Holy Crap

Inside America’s best men’s room.
Photograph by Jason Cohen

There are a dozen sit-down toilet stalls in the New Braunfels Buc-ee’s men’s room. On a recent Sunday, all of them were occupied, door locks slid to red, even as a good number of urinals—and there are 33 to choose from—went unmanned. The convenience store’s facilities are different from almost every other men’s room in America—not because they’re huge, and not because they’re busy (although both those things are true), but because elsewhere, stalls are usually a last resort. At Buc-ee’s, which prides itself on restroom cleanliness, men use the stalls because they can. 

“The Top Two Reasons to Stop at Buc-ee’s: Number 1 and Number 2,” reads one of the company’s many roadside billboards. While there’s no shortage of relief options along Interstate 35 between Dallas and San Antonio, the New Braunfels Buc-ee’s is the reigning champion of the annual “America’s Best Restroom” contest, held by bathroom and service supplier Cintas. 

As another sign boasts, these are “Rest-rooms You Have to Pee to Believe.” The men’s urinal area has 28 privacy-walled white Kohlers, and there are 5 more in the stall area. Each urinal is numbered for clean-up purposes (“We need a quick mop under number seventeen!”) and, like each stall, has its own Purell dispenser. All told, the men’s room has eight sparkling sinks, twelve always-humming automated EnMotion towel dispensers, and nine Buc-ee’s beaver–logoed pink-gel-soap dispensers (not to mention six additional public Purells). The floor-to-ceiling stall dividers eliminate the kind of, er, crawl space present at airports, and with four double-rolled dispensers of toilet paper beside each toilet, you’d never have to pass a roll between them anyway. 

“People will hold it so they can go here,” said 21-year-old Texas State University student Scott Sommerlatte, one of the five maintenance “associates” in red shirts and khaki pants who man the restroom 24/7. 

Though hopefully they haven’t been holding it for too long, because the 68,000-square-foot Buc-ee’s off exit 191 is the AT&T Stadium of convenience stores. The parking lot has nine hundred spaces, none of them “compact car only.” It takes at least 130 steps to get from the entrance to the bathroom door and another 40 or so from the bathroom threshold to reach an actual urinal. 

And there are countless obstacles along the way. Weary road-trippers snap up logo merchandise, soda from the more than eighty fountains, free samples of 31 kinds of jerky, and the store’s best-selling Beaver Nuggets: corn puffs à la Cheetos, sweetened à la caramel corn. There are also Texas-shaped waffle irons, college football caps, “Have a Willie Nice Day” T-shirts, and even Texas Originals Bar-B.Q. Pits smokers for $1,205.63. (“That’s a good price,” the guy next to me said as he took a picture.) 

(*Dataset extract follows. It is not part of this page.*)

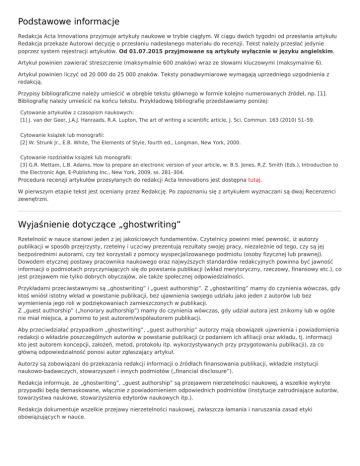Podstawowe informacje Redakcja Acta Innovations przyjmuje artykuły naukowe w trybie ciągłym. W ciągu dwóch tygodni od przesłania artykułu Redakcja przekaże Autorowi decyzję o przesłaniu nadesłanego materiału do recenzji. Tekst należy przesłać jedynie poprzez system rejestracji artykułów. Od 01.07.2015 przyjmowane są artykuły wyłącznie w języku angielskim. Artykuł powinien zawierać streszczenie (maksymalnie 600 znaków) wraz ze słowami kluczowymi (maksymalnie 6). Artykuł powinien liczyć od 20 000 do 25 000 znaków. Teksty ponadwymiarowe wymagają uprzedniego uzgodnienia z redakcją. Przypisy bibliograficzne należy umieścić w obrębie tekstu głównego w formie kolejno numerowanych źródeł, np. [1]. Bibliografię należy umieścić na końcu tekstu. Przykładową bibliografię przedstawiamy poniżej: Cytowanie artykułów z czasopism naukowych: [1] J. van der Geer, J.A.J. Hanraads, R.A. Lupton, The art of writing a scientific article, J. Sci. Commun. 163 (2010) 51–59. Cytowanie książek lub monografii: [2] W. Strunk Jr., E.B. White, The Elements of Style, fourth ed., Longman, New York, 2000. Cytowanie rozdziałów książek lub monografii: [3] G.R. Mettam, L.B. Adams, How to prepare an electronic version of your article, w: B.S. Jones, R.Z. Smith (Eds.), Introduction to the Electronic Age, E-Publishing Inc., New York, 2009, ss. 281–304. Procedura recenzji artykułów przesyłanych do redakcji Acta Innovations jest dostępna tutaj. W pierwszym etapie tekst jest oceniany przez Redakcję. Po zapoznaniu się z artykułem wyznaczani są dwaj Recenzenci zewnętrzni. Wyjaśnienie dotyczące „ghostwriting” Rzetelność w nauce stanowi jeden z jej jakościowych fundamentów. Czytelnicy powinni mieć pewność, iż autorzy publikacji w sposób przejrzysty, rzetelny i uczciwy prezentują rezultaty swojej pracy, niezależnie od tego, czy są jej bezpośrednimi autorami, czy też korzystali z pomocy wyspecjalizowanego podmiotu (osoby fizycznej lub prawnej). Dowodem etycznej postawy pracownika naukowego oraz najwyższych standardów redakcyjnych powinna być jawność informacji o podmiotach przyczyniających się do powstania publikacji (wkład merytoryczny, rzeczowy, finansowy etc.), co jest przejawem nie tylko dobrych obyczajów, ale także społecznej odpowiedzialności. Przykładami przeciwstawnymi są „ghostwriting” i „guest authorship”. Z „ghostwriting” mamy do czynienia wówczas, gdy ktoś wniósł istotny wkład w powstanie publikacji, bez ujawnienia swojego udziału jako jeden z autorów lub bez wymienienia jego roli w podziękowaniach zamieszczonych w publikacji. Z „guest authorship” („honorary authorship”) mamy do czynienia wówczas, gdy udział autora jest znikomy lub w ogóle nie miał miejsca, a pomimo to jest autorem/współautorem publikacji. Aby przeciwdziałać przypadkom „ghostwriting”, „guest authorship” autorzy mają obowiązek ujawnienia i powiadomienia redakcji o wkładzie poszczególnych autorów w powstanie publikacji (z podaniem ich afiliacji oraz wkładu, tj. informacji kto jest autorem koncepcji, założeń, metod, protokołu itp. wykorzystywanych przy przygotowaniu publikacji), za co główną odpowiedzialność ponosi autor zgłaszający artykuł. Autorzy są zobowiązani do przekazania redakcji informacji o źródłach finansowania publikacji, wkładzie instytucji naukowo-badawczych, stowarzyszeń i innych podmiotów („financial disclosure”). Redakcja informuje, że „ghostwriting”, „guest authorship” są przejawem nierzetelności naukowej, a wszelkie wykryte przypadki będą demaskowane, włącznie z powiadomieniem odpowiednich podmiotów (instytucje zatrudniające autorów, towarzystwa naukowe, stowarzyszenia edytorów naukowych itp.). Redakcja dokumentuje wszelkie przejawy nierzetelności naukowej, zwłaszcza łamania i naruszania zasad etyki obowiązujących w nauce. Kryteria dopuszczenia artykułu do publikacji w Acta Innovations 1. Artykuł powinien zostać napisany zgodnie z profilem Acta Innovations. 2. Tytuł artykułu powinien dobrze odzwierciedlać jego zawartość. 3. Artykuł powinien zawierać: a) tytuł w języku angielskim b) streszczenie i słowa kluczowe w języku angielskim c) właściwe podpisy rysunków i tabel d) prawidłowe cytowanie zgodne z zasadami obowiązującymi w Acta Innovations e) prawidłowo sporządzoną bibliografię. 4. Artykuł powinien być napisany poprawnym stylistycznie językiem. 5. Artykuł powinien prezentować wyniki oryginalnych badań o charakterze empirycznym, teoretycznym, technicznym lub analitycznym. 6. Artykuł powinien przedstawiać obecny stan wiedzy, metodykę badań i przebieg procesu badawczego. 7. Interpretacja wyników oraz wnioski powinny być logiczne i uzasadnione. Do pobrania Wzór formatowania w języku angielskim Automatyczne style bibliograficzne (do fakultatywnego stosowania przez Autorów) Poniższe pliki .xsl należy umieścić w katalogu C:\Program Files\Microsoft Office\Office12\Bibliography\Style. ieee_pl.xsl ieee_reference.xsl Strona CBI Pro-Akademia używa ciasteczek (cookies), dzięki którym nasz serwis może działać lepiej. Zobacz

But really, it’s all about the bathrooms. Buc-ee’s won the most votes for the Cintas online contest, beating a hip Arizona restaurant and the Hollywood Bowl, among others. That’s because Texans, who love their Texas brands (see also Whataburger, H-E-B), enthusiastically threw their support behind the privately owned 21-location company, which started in Lake Jackson in 1982. But it also won because cleanliness counts more than gimmickry. At Buc-ee’s, there isn’t a time-and-date log keeping track of when the restroom was last cleaned, because at Buc-ee’s, the restroom is always being cleaned. “There is literally someone in there all the time,” said Arch “Beaver” Aplin, the company’s co-owner, whose nickname was the inspiration for its bucktoothed cartoon mascot. 

“As long as you’re always checking them, they stay pretty clean,” said Tim Morales, another 21-year-old, who has already worked his way up from maintenance associate to team leader. That is, it only becomes a dirty job if you don’t do it often enough. The biggest challenge is trying to get in there on a crowded day between the—sorry—flow of customers. Most of the time, though, the restroom is underpopulated. Having this big a bathroom and cleaning it is a loss leader. “You kind of linger around and clean sinks, waiting,” said Morales. 

The typical reaction from first-time customers, Sommerlatte said, is widened eyes “and maybe a couple of cuss words.” 

“Expletives, yeah,” agreed store manager Chris Kennedy. 

One that starts with “holy” comes to mind. Or, more tamely, “What the heck?!,” which a kid in glasses and a burnt-orange UT shirt blurted out as he rounded the corner and took in the full scope of the men’s room, before immediately turning around. Guess he didn’t have to go. Or maybe he was afraid he wouldn’t be able to find his way back out.